Herschel Island (Qikiqtaruk)
"The pilot pointed at a smudge of land in the Arctic Ocean and said that was the whole of it."
Herschel Island sits in the Beaufort Sea off the very top of the Yukon, the only part of the territory that actually touches the ocean. To the Inuvialuit it is Qikiqtaruk, which simply means “it is an island,” and people have lived and hunted here for centuries. It is not a place you stumble into. Getting there meant a small plane up to the Arctic coast and then a boat across cold, grey water, and I spent most of that crossing wondering what I had talked myself into.

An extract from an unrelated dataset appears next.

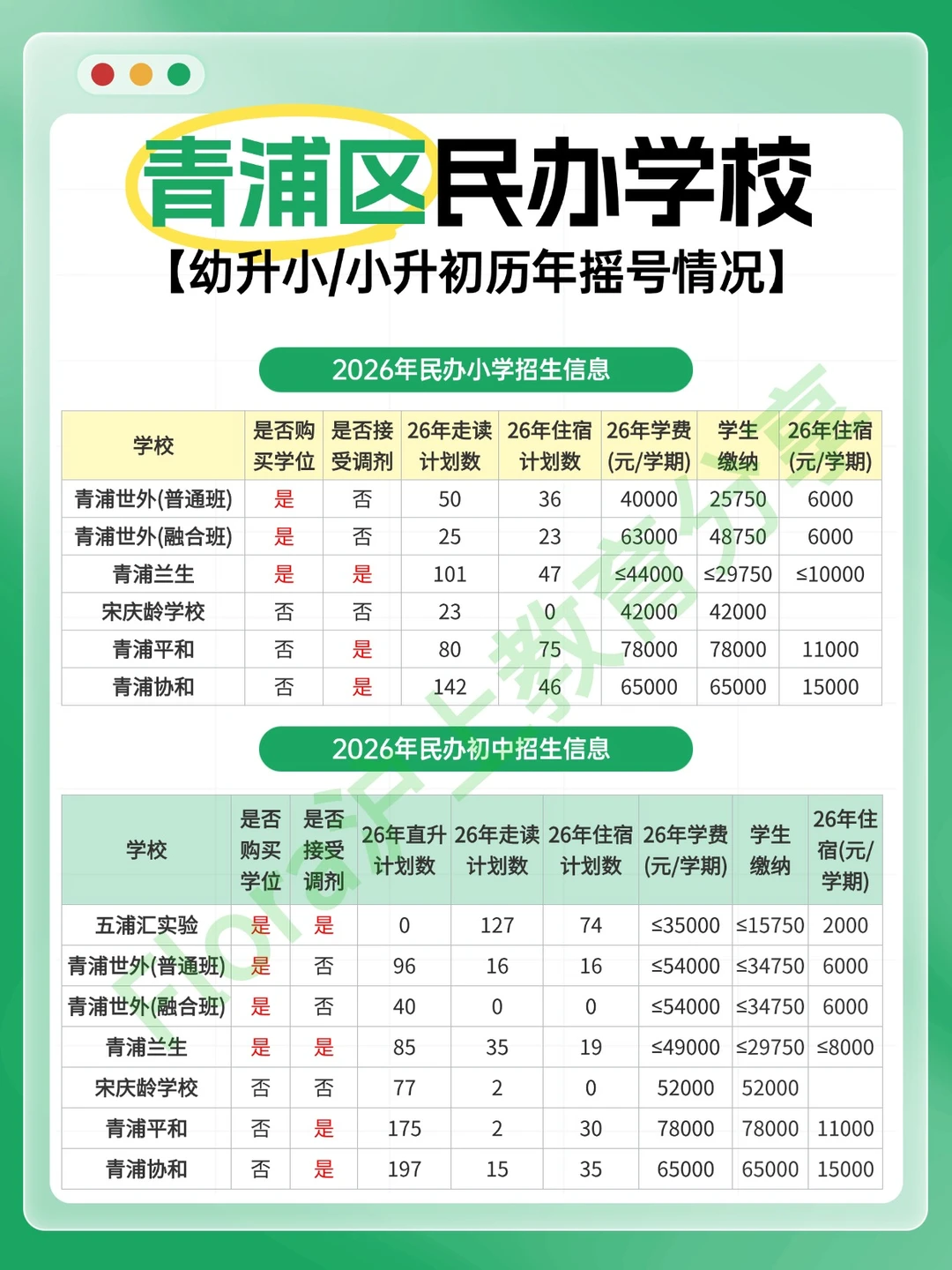 2026民办招生信息·青浦完整版

What I’d talked myself into turned out to be one of the strangest and most affecting places I have been. The island is low and treeless, a hump of tundra ringed by gravel spits, and it carries an outsized amount of human history for somewhere so small and so far from everything.
The Ghosts of Pauline Cove
In the 1890s, American whalers discovered that Pauline Cove on the island’s southeast side was a rare safe harbour in the western Arctic, and within a few years it became a wild, improbable boomtown — hundreds of men overwintering, trading, drinking, and dying out here at the edge of the map. The bowhead whales were nearly wiped out, the boom collapsed, and what’s left is a cluster of weathered wooden buildings still standing on the permafrost.

I walked through the old community house and the mission, floorboards complaining underfoot, and read the names of men buried in the little cemetery — sailors from Hawaii, from San Francisco, from places that could not be more unlike this one. A ranger who works the island in summer told us the permafrost is thawing now and the graves are slowly being disturbed by the ground itself. The whole island, she said, is eroding into the sea a little more each year.
Tundra, Bears, and Birds
Beyond the cove the island is pure western Arctic tundra — a carpet of moss, lichen, and tiny ferocious wildflowers that flatten themselves against the wind. We hiked inland under a sky that simply would not get dark, the summer sun grinding along the horizon at midnight. There are muskoxen on the island, and caribou cross over the sea ice in season, and the rangers carry rifles for the polar bears, which are not a theoretical concern up here.

Lia spotted a snowy owl on a driftwood log and froze, and we both stood watching it for a long time until it decided we were boring and lifted off without apparent effort. The birdlife here is staggering in the brief summer — this is breeding ground for species that fly in from three continents.
How You Actually Get Here
There is no scheduled service. You reach Herschel by charter flight and boat from Inuvik in the Northwest Territories, usually as part of an organized trip, and you go in the narrow window — roughly July to early September — when the sea ice has cleared enough to land. It is expensive, weather-dependent, and entirely worth it. Bring far more warm clothing than seems plausible for summer; the wind off the pack ice does not care what the calendar says.
When to go: July and August are the only realistic months, when the ice is out, the birds are nesting, and the tundra briefly blooms. Even then, dress for a cold that comes straight off the Arctic Ocean.